DAMASCUS, Syria — Syrian President Bashar al-Assad dismissed criticism of Syria’s presidential election as voters cast ballots Wednesday in government-held areas despite Western accusations it was neither “free nor fair”.
“Your opinions have zero value,” Assad said, after voting with his British-born wife Asma in the Damascus suburb of Douma, a key rebel stronghold until its recapture by government forces three years ago.
On the eve of the election, the US, Britain, France, Germany and Italy said the poll was “neither free nor fair”, and Syria’s fragmented opposition has called it a “farce.”
But they will watch powerless as few doubt Assad will trounce his two virtually unknown challengers to win a fourth term, in a war-battered country mired in economic crisis.
The controversial vote is the second election since the start of a decade-long civil war that has killed over 388,000 people and displaced half the pre-war population.
Huge election posters glorifying Assad have mushroomed across the two-thirds of the country under his control.
State media, which showed long queues forming outside polling stations in the morning, said at midnight (2100 GMT) polls had closed, after having reported that they would be kept open five hours beyond the planned closing time.
It said counting had started.
Hundreds of students clamored to vote outside Damascus University.
“I came to vote for Bashar al-Assad because he is the only man who withstood 10 years of war,” said 26-year-old Kinan al-Khatib.
Around him, students chanted: “With our blood and with our souls, we sacrifice our lives for you, Bashar.”
The result is not expected before Friday evening.
The election takes place amid the lowest levels of violence since 2011 — but with an economy in free fall.
More than 80 percent of the population live in poverty, and the Syrian pound has plunged in value against the dollar, causing skyrocketing inflation.

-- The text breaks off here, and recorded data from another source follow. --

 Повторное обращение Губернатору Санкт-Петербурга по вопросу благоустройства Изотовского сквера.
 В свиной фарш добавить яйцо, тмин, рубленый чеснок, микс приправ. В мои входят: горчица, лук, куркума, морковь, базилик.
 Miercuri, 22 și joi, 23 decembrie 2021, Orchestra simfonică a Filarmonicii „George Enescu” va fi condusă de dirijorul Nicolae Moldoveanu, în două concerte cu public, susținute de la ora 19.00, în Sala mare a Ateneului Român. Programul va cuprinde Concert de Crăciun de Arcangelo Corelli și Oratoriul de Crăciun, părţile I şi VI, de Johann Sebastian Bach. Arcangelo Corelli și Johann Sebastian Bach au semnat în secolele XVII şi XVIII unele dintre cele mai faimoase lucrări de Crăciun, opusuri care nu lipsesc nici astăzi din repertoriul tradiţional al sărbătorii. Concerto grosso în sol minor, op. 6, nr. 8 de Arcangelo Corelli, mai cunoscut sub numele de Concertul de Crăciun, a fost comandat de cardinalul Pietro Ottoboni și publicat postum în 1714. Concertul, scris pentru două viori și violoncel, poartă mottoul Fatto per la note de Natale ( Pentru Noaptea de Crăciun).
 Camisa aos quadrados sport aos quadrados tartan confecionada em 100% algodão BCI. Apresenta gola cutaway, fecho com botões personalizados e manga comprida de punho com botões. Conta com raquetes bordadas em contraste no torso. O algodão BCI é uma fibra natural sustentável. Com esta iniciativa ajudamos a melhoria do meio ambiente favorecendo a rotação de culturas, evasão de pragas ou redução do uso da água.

Assad’s campaign slogan, “Hope through work”, evokes the colossal reconstruction needed to rebuild the country, requiring billions of dollars in funding.

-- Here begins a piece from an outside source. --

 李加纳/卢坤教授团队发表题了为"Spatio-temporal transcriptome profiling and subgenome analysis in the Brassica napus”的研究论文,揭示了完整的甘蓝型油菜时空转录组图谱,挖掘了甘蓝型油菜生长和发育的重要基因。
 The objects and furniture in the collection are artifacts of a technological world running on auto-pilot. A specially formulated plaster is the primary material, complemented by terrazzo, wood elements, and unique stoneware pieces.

Assad, a 55-year-old ophthalmologist by training, was first elected by referendum in 2000 after the death of his father Hafez, who had ruled Syria for 30 years.
Standing against him are former state minister Abdallah Salloum Abdallah and Mahmud Merhi, a member of the so-called “tolerated opposition”, long dismissed by exiled opposition leaders as an extension of the regime.
“I don’t know the other candidates at all and I respect their nomination but my vote will definitely go to Assad,” Khatib said.
Assad has refrained from holding campaign media events and interviews.
But he issued a general amnesty for thousands of prisoners this month, on top of a series of decrees aimed at improving economic conditions.
Last week, thousands of Syrians abroad with the right paperwork cast early ballots in their embassies.
But those who had fled the country illegally — and so who could not show an exit stamp in their passport — were barred from voting.
Several countries that oppose Assad blocked the vote altogether, including Turkey and Germany, which host large Syrian refugee populations.
France’s Foreign Minister Jean-Yves Le Drian said the vote was undermined by the fact that many Syrians at home and abroad were unable to take part.
“These elections are not real elections,” he said.
The UN’s Syria envoy, Geir Pedersen, said the polls were being held under the auspices of the current constitution and “not part of the political (transition) process called for in Security Council Resolution 2254” of December 2015.
“What is required is a Syrian-led and -owned political solution, facilitated by the United Nations and backed by constructive international diplomacy,” he said.
In rebel-held northwestern Syria, home to three million people, hundreds took to the streets to protest on Wednesday, an AFP correspondent said.
They carried posters saying: “No legitimacy for Assad and his elections.”
Protestor Yaqin Beedo called the vote a “sham”.
“It is a lie that regime loyalists actually believe,” she told AFP.
Protests also broke out in Daraa, only parts of which are under the regime’s military control and where some residents called for a boycott.
Kurdish authorities, who have carved out an autonomous zone in the northeast, said they were “not concerned”.
In the last multi-candidate poll in 2014, Assad won 88 percent of the vote.
It took place as the war raged, with the air force bombing rebel areas of second city Aleppo and fierce fighting in Hama, Idlib and Daraa, as well as near Damascus.